Article:Mr. Pasture was concerned about Green Guard’s profitability. Last year, Green Guard negotiated with Arc Electric to charge a fixed premium of $250 per employee per month. The total premium revenue is allocated as follows: 55% to hospital and surgical services, 30% to physician visits, and 15% for other services, administration, and profit. These allocations are used to establish budgets in the different departments at Green Guard. The Arc Electric contract would expire next month, at which time Green Guard would need to renegotiate the terms of its contract with Arc Electric. Mr. Pasture feared that Green Guard would have to request a sharp rate increase to remain profitable. Green Guard’s monthly cost of administering the health plan was fixed, but the increases in the use of health care services were eroding Green Guard’s profits. He suspected that other health plans were planning to increase premiums by 5-10 percent, which was reasonable given the recent statistics on national health expenditures. A report from 2004, the most recent he could find, indicated that total national health expenditures rose 7.9 percent from 2003 to 2004 -- over three times the rate of inflation.

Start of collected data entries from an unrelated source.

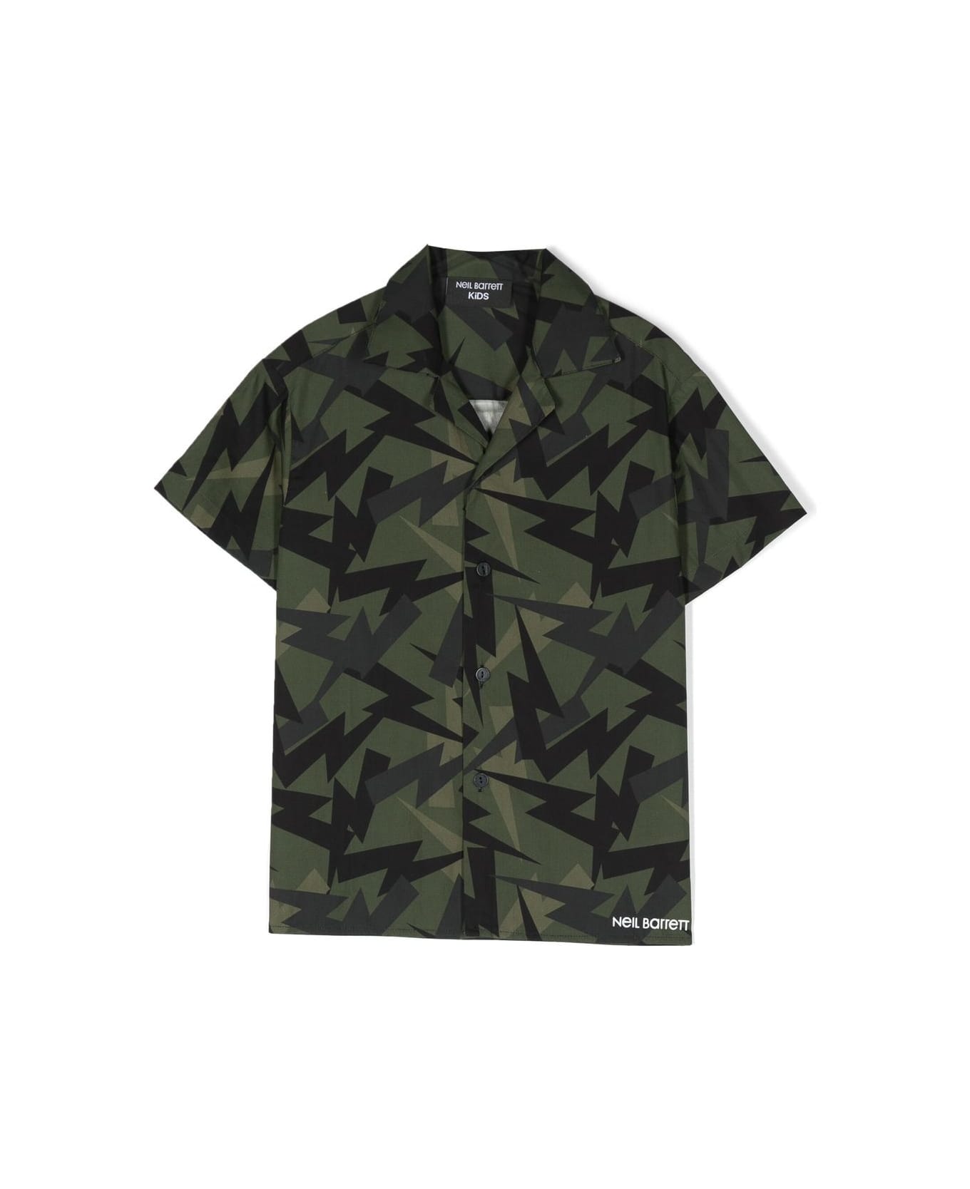 Short-sleeved shirt, green background and black prints, closure with buttons. 100% cotton
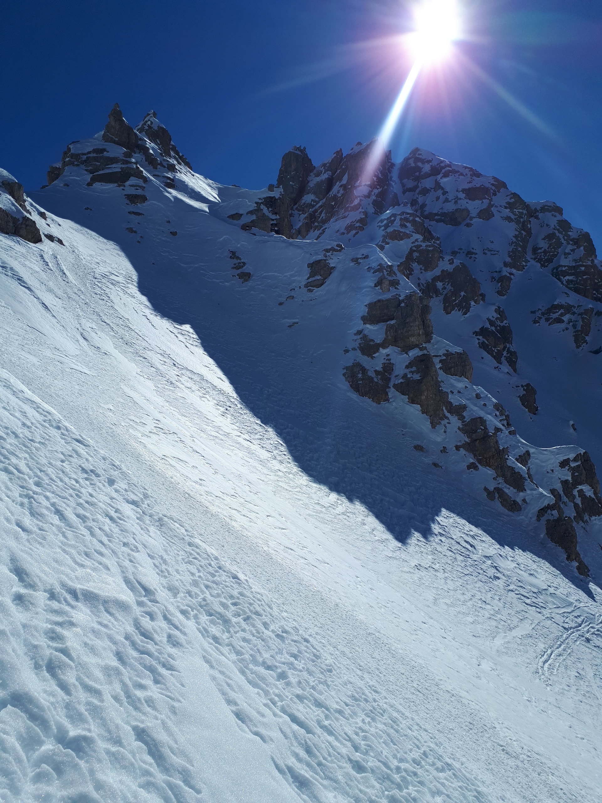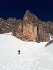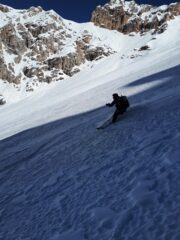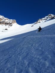 La pendenza aumenta costantemente fin sotto al Cristallino, ma sempre sci ai piedi. Una volta entrati nel canale, è meglio prima o poi, salire a piedi. La pendenza del canale è di circa 35°/40°, e quindi valutare se usare i ramponi a seconda delle condizioni. Il canale è esposto a sud, e nelle ore centrali, può diventare un forno.
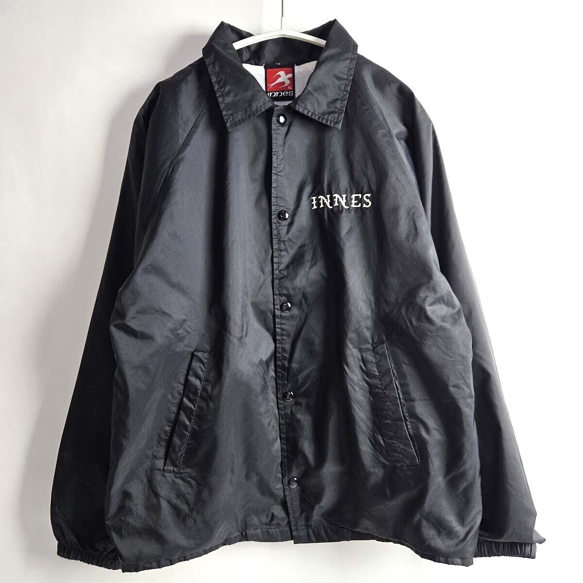 90’s00's イネス iness スケートボード ロゴ刺繍プリント コーチジャケット ウィンドブレーカー 裏トリコット起毛 XL ブラック 希少ブランド m0716-15
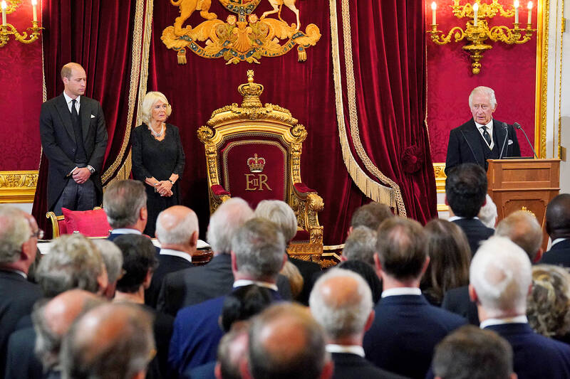 In Taipei, Presidential Office spokesman Xavier Chang (張惇涵) yesterday issued a statement congratulating Charles on his ascension to the throne.

Exhibit 1 Monthly Report of Health Care Utilization Total Costs Incurred - Arc Electric, Inc.
Category of Service | July 2006 | August 2006 | |
---|---|---|---|
Hospital Services– Inpatient | $203,425 | $212,250 | |
Hospital Services – Outpatient | $182,440 | $212,250 | |
Surgical Services | $101,250 | $103,400 | |
Physician Office Visits | $337,900 | $391,450 | |
Administrative Expenses | $90,000 | $90,000 | |
TOTAL | $915,015 | $977,800 |
Number of members, July 31, 2006: 4129
Number of members, August 31, 2006: 4137
Using only the information provided in Exhibit 1, explain why further analysis of physician visits may be needed. Compare the profitability of hospital and surgical services to physician services, using the allocation of revenue that was given. Show the breakdown of the $250 premium using a pie chart. Does the allocation of the $250 per employee per month payment across the types of health care services seem reasonable, given the past two months’ utilization?
The total of August 2016 is wrong in this table. It actually is 1,009,350 and all calculations below will be based on it.
While the total expenditure increased by only 6%, physician office visits expenditure increased by 15%. Physician office visits also have the biggest slice of the expenditure pie. In August 2016 physician visits accounted for 40% of total expenditure which is huge. It means either the company is either paying a lot to their physicians or they are visiting the office a lot. Either way, this can be reduced by limiting the no. of office visits or charging more after a certain number of visits or its cost can be compensated by charging more from the company. One thing to note here is that the Green Guard allocated 30% to physician visits while spending 38% on them. The company does not allocate the revenue by guessing, they have data from previous customers and from other companies so the Green Guard needs to investigate further into the matter.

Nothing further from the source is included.